The list model should either be removed and left to filename-line- [column] parsing, or used to store the parsing results. Personally I prefer the former. Combining the parts into a string and parsing them back seems a bit awkward, but such things happen in programming.
- Possible extensions:
More than one user-defined regex and set of indexes: error_regex_1, line_idx_1 etc.
IMHO named is better, easier to understand and specify etc.

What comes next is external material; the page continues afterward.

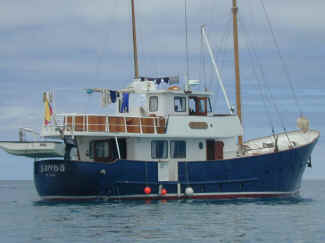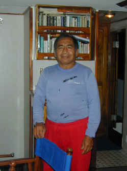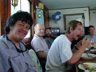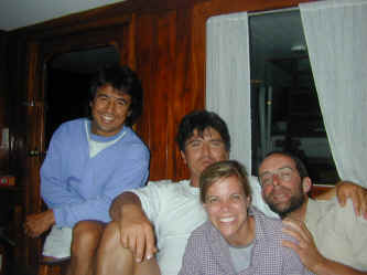 Pepe (our captain), Hernand, Kelly and Jan chillin in the salon of the Samba. Hey, who's driving the boat?
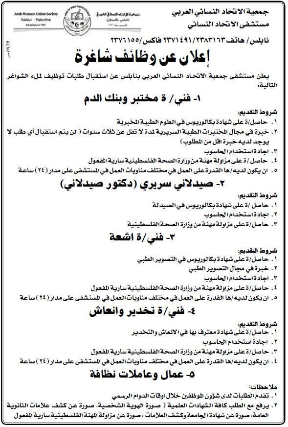 وظيفة شاغرة في مستشفى النجاح

When building, attempt all default expressions, and check if the filename matches the well-known extensions for this expression. For the 1st line in a build output, the current-file-type-expression is tried first. For the next lines, the last successful (best-matching) expression is tried first.
To be exact, the decoding isn't filetype dependent, its compiler/linker/tool dependent.
So extracting the filetype by consensus from the error message and using that to decode the message isn't necessarily right, eg when your makefile is using a different compiler to the one that the standard filetype is defined for. Checking with multiple compilers is a good idea, eg clang is (in my limited experience) more standards enforcing than gcc so both should be tried.
Tool dependence means it depends on the command, which is why I suggested in another post that per-command expressions might be needed. Whilst verbose thats very simple :-)
copy_idx - Index of the text to be copied on right-click Copy, 0 if none. If the matching text is empty, the entire line will be copied.
Allow the plugins to define their own expressions for the messages tab (which will make the list model obsolete).
RFC.
Cheers Lex
[1] experience is a nice way of saying have fallen into that trap, made that mistake, implemented it the wrong way before etc.